A principal coordinate analysis (PCoA) was consistent with the population structure as inferred by the Bayesian cluster analysis in STRUCTURE. The first two axes explained 61% of individual genetic variance (Figure 4). Two clusters were observed in the PCoA plot: one fairly contained cluster and the other being broad and loosely organized. Individuals sampled from MS were present in both clusters, where individuals sampled from central MS (MS-Central) appear localized to the bottom right quadrant (red diamonds, Figure 4) and individuals sampled from the MS Gulf Coast (MS-Coast) cluster with individuals from AL, FL and other states. Individuals sampled from AL are broadly distributed throughout the larger cluster, indicating a high degree of individual genetic variation. Individuals from FL also presented a similar pattern. Sampled individuals from TX (all collected from a single site) did not form a tight cluster, but grouped with samples from AL, FL, LA and SC. Georgia; these individuals from these states, however, form a very tight cluster within the broad cluster (Figure 4), overlapping within a subset of the AL, LA, MS and SC individuals, potentially indicating genetic relationships among geographically disparate populations.
The genetic differentiation was evaluated between the MS-type cluster and all other individuals based on inferences from STRUCTURE and the PCoA. Ambiguous individuals were lumped with the AL-type in an analysis of molecular variation (AMOVA; Table 3); this grouping was derived because of the low value of admixture from STRUCTURE (mean α = 0.165) and the high proportion of assignment to the AL-type in ambiguous individuals (<0.90, but >0.50). We observed a significant genetic differentiation (FST = 0.363, P < 0.001) between the groups as defined above.

3. Discussion

The detection of two distinct genetic lineages throughout the invaded region is consistent with other published research on the cogongrass invasion in the US [29,30,31,36]. This analysis, however, demonstrated that one of those two genetic lineages (the dominant AL-type) has been responsible for the majority of the spatial spread and persistence in the US. The dominant AL-type lineage is more heterogeneous, widespread, and is genetically distinct (FST = 0.363, P < 0.001) from the MS-type lineage, even when inclusive of ambiguously assigned individuals. A two-lineage scenario provided the only evidence of strong population structuring throughout the invaded US range. The majority of individuals sampled for this work were assigned with a 90% or greater probability to the AL-type lineage (Figure 2). The other detected genetic group (the MS-type) appears to be geographically constrained to central MS (Figure 2). This pattern may be due to the reduced competitive or dispersal ability of this lineage, lack of anthropogenic activity promoting its spread or other potentially heritable fitness factors restricting its ability to spread from this region.

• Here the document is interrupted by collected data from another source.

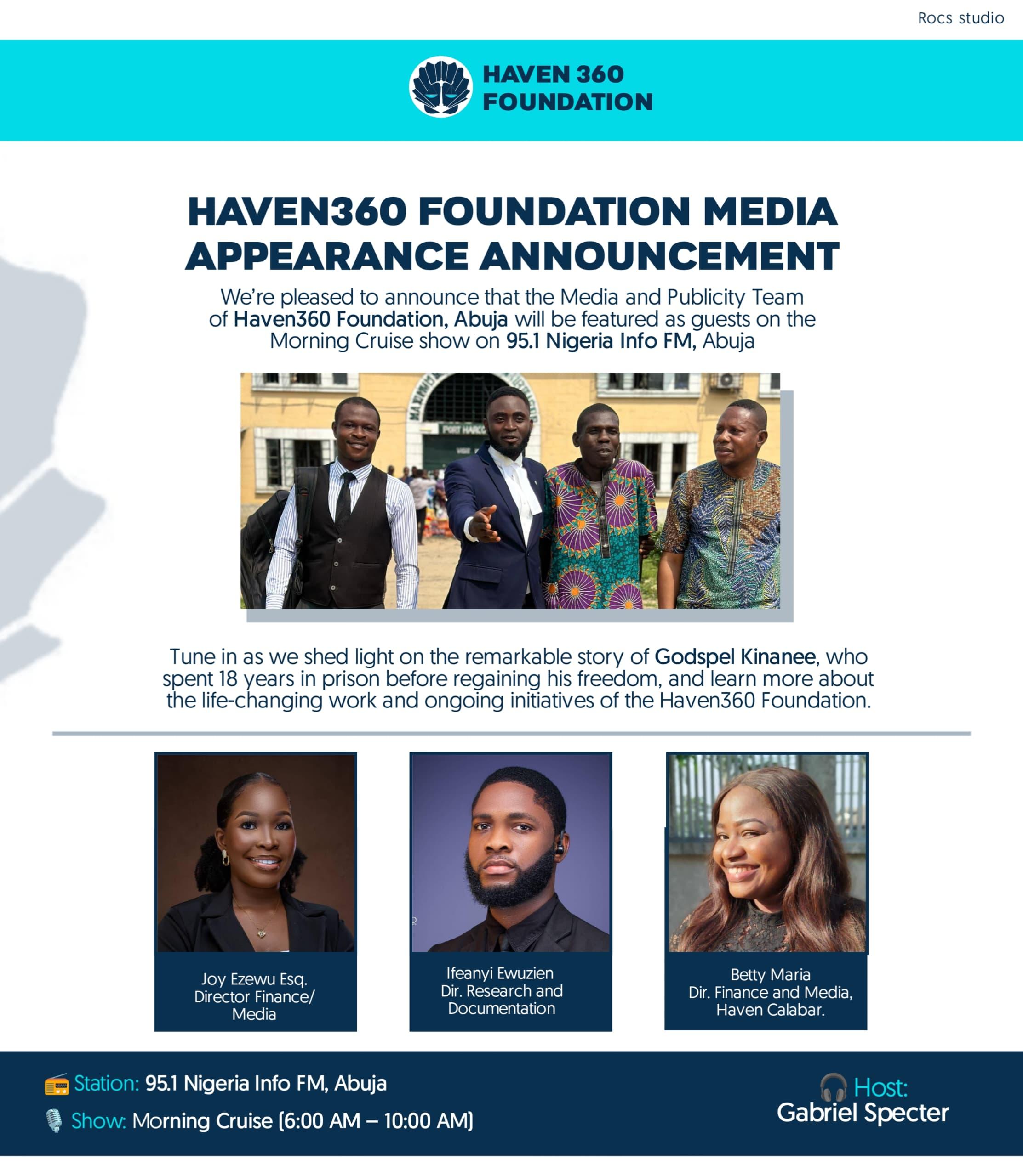 Nigeria Info FM, Abuja, hosts Ifeanyi alongside other members of Haven360 Foundation.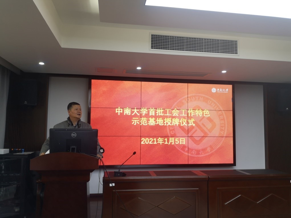 2021年1月5日,中南大学首批工会工作特色示范基地授牌仪式在中南大学铁道校区交通楼425会议室举行。校工会陈玉如主席、何庆文副主席、电子竞技博彩 党委贺志军书记出席仪式。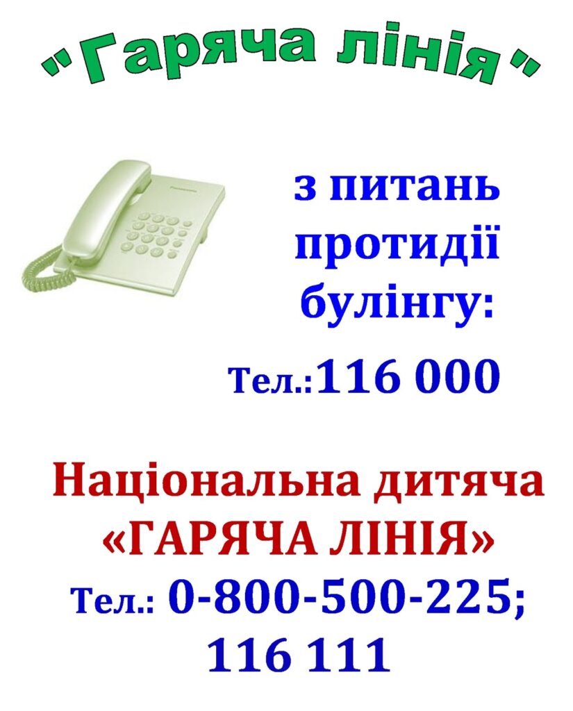 - гаряча телефонна лінія щодо булінгу (цькування) 116 000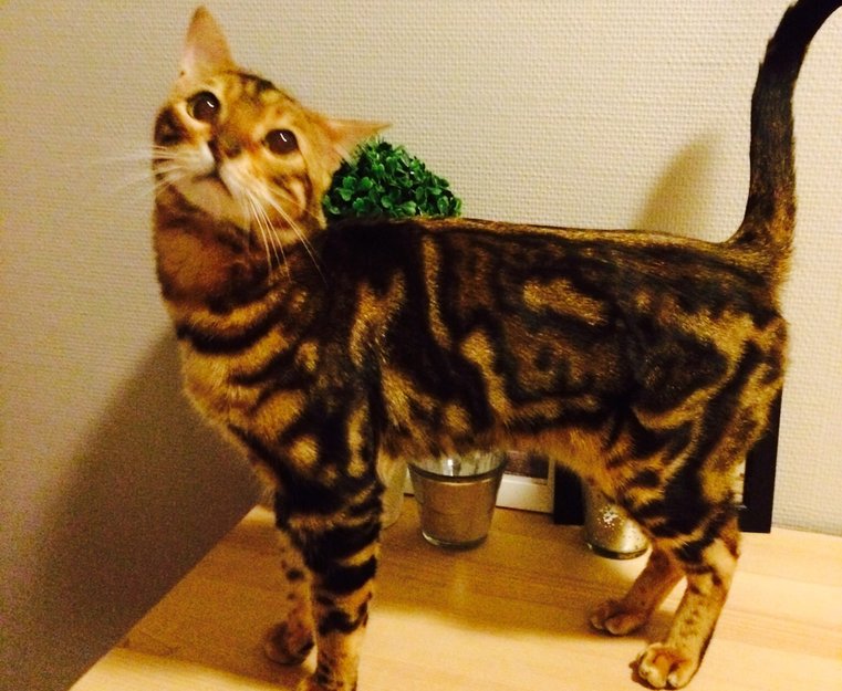 Bengal hannkatt, ukastrert. Marble mønster. Mellomstor, med lang kropp og høye bakbein.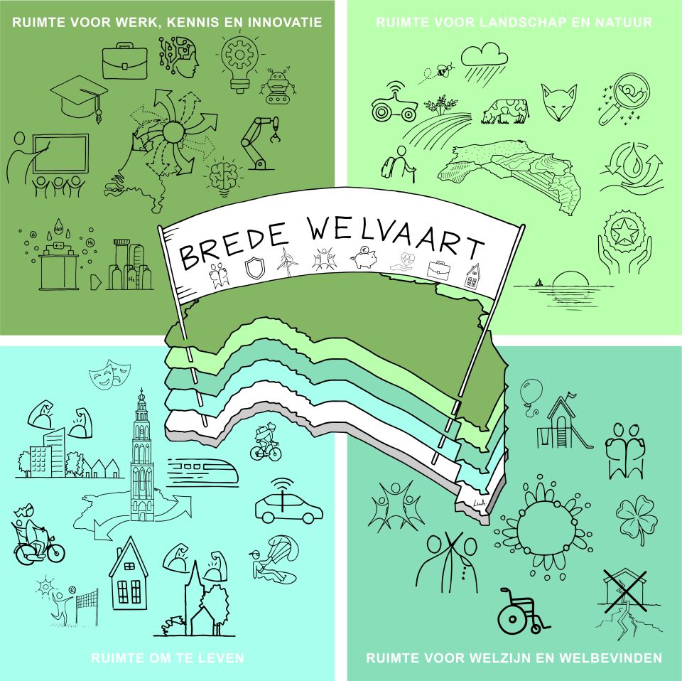 In het Koersdocument duiden we de doelen, ambities en opgaven voor de provincie Groningen. Integraal, zoals de Omgevingswet van ons vraagt en verbonden aan het overkoepelende doel ‘brede welvaart voor alle Groningers’. Dat staat voorop. De ambities en opgaven zijn op deze brede welvaart gericht.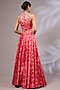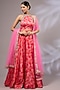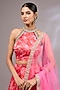 Featuring a pink lehenga in satin silk base with print and an attached can-can. It is paired with a blouse and a net dupatta. Style it with polki earrings and block heels, perfect for weddings or sangeet ceremonies.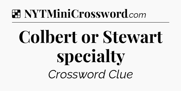 The clue “Colbert or Stewart specialty” most recently appeared in a NYT Crossword on August 11, 2010.

The present analyses further demonstrated that, although the two genetic groups remain significantly differentiated at the scale of this study, admixture is present within individuals at the local, patch scale (mean α = 0.165). Admixture is also suggested to have increased upon regional evaluation as compared to previous research constrained to MS and AL (where mean α = 0.08) [31]. Similarly, recent admixture in the invasive weed, Silene vulgaris, was detected in the novel range (North America), and demonstrated a relationship between fitness benefits and increased heterozygosity in invasive populations [41]. Such results suggest the possibility that genetic mixing contributed to the successful spread of cogongrass across the southern US; however, measures of intraspecific phenotypic variation, and its relationship to genetic variation and/or hybridization, are needed to demonstrate whether significant genetic admixture has contributed to cogongrass’ success [42,43]. Typically, multiple introductions increase the genetic diversity and probability of success in a wide array of invasive, colonizing organisms [44,45,46,47,48].
Although we found a significant genetic distance to exist among the states (Table 2), the overwhelming evidence favored a regional population dominated by the AL-type lineage, with a highly-restricted MS-type found mainly restricted in the central portion of Mississippi (Figure 2). There also appears to be an element of biological influence on the population structure, as the majority of the genetic variation in cogongrass is partitioned within sampled locations (64%). Similar to previous findings at smaller scales (in terms of sample size and geography), the majority of genetic variation being partitioned within patches continues to be unexpected for a species thought to expand locally via clonal propagation. The regional degree of genetic differentiation in cogongrass (FST = 0.363, P < 0.001) is similar to that of early successional plant species (mean FST = 0.37) [49]. Even considering the fact that the majority of genetic differentiation is partitioned within local patches, average heterozygosity for state-level cogongrass sampling (He and UHe = 0.016 ± 0.001) is still lower than such values in long-lived perennial plant species (He = 0.68) or those capable of selfing (He = 0.41) [49].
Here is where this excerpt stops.